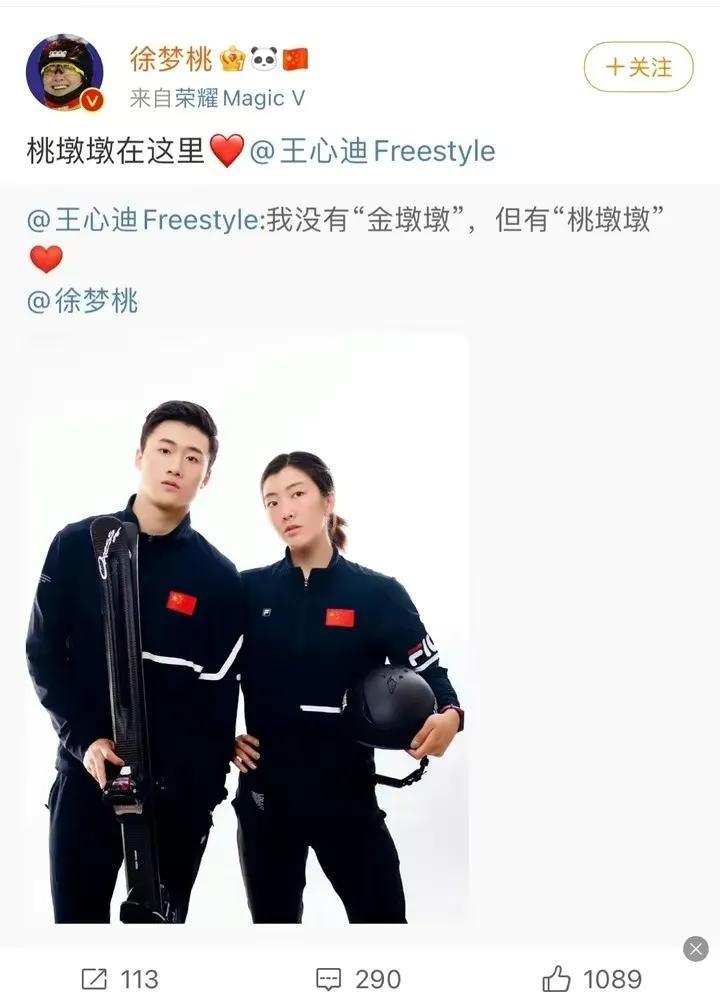徐梦桃在自己的微博上公布了恋情。微博显示,徐梦桃给王心迪留言:桃墩墩在这里。并附上王心迪的回复:我没有“金墩墩”,但有“桃墩墩”。两人的互动非常甜蜜。下面还晒出了两人的合影照片。
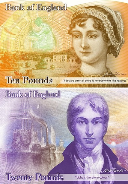 Через рік в Англії планують випустити банкноту в 10 фунтів із зображенням письменниці Джейн Остин, а до 2020 року - у 20 фунтів з портретом живописця Вільяма Тернера.
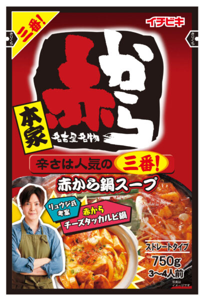 イチビキ株式会社(本社:愛知県名古屋市、代表取締役社長:中村光一郎)は、バズレシピでおなじみの料理研究家リュウジさんに『ストレート赤から鍋スープ三番』を使った「赤からチーズタッカルビ鍋」を考案していただきました。リュウジさんの公式Twitter、Instagram、YouTubeでコラボレシピが紹介されるタイミングに合わせて、10月15日(木)から11月15日(日)まで、プレゼントキャンペーンをTwitterにて実施します。本企画を通じて、赤から鍋スープの全国的な認知拡大を狙います。

■ **Instructions to follow**: Output each line above exactly. Skip the images.

■ **Answer**:
徐梦桃在自己的微博上公布了恋情。微博显示,徐梦桃给王心迪留言:桃墩墩在这里。并附上王心迪的回复:我没有“金墩墩”,但有“桃墩墩”。两人的互动非常甜蜜。下面还晒出了两人的合影照片。
 Через рік в Англії планують випустити банкноту в 10 фунтів із зображенням письменниці Джейн Остин, а до 2020 року - у 20 фунтів з портретом живописця Вільяма Тернера.
 イチビキ株式会社(本社:愛知県名古屋市、代表取締役社長:中村光一郎)は、バズレシピでおなじみの料理研究家リュウジさんに『ストレート赤から鍋スープ三番』を使った「赤からチーズタッカルビ鍋」を考案していただきました。リュウジさんの公式Twitter、Instagram、YouTubeでコラボレシピが紹介されるタイミングに合わせて、10月15日(木)から11月15日(日)まで、プレゼントキャンペーンをTwitterにて実施します。本企画を通じて、赤から鍋スープの全国的な認知拡大を狙います。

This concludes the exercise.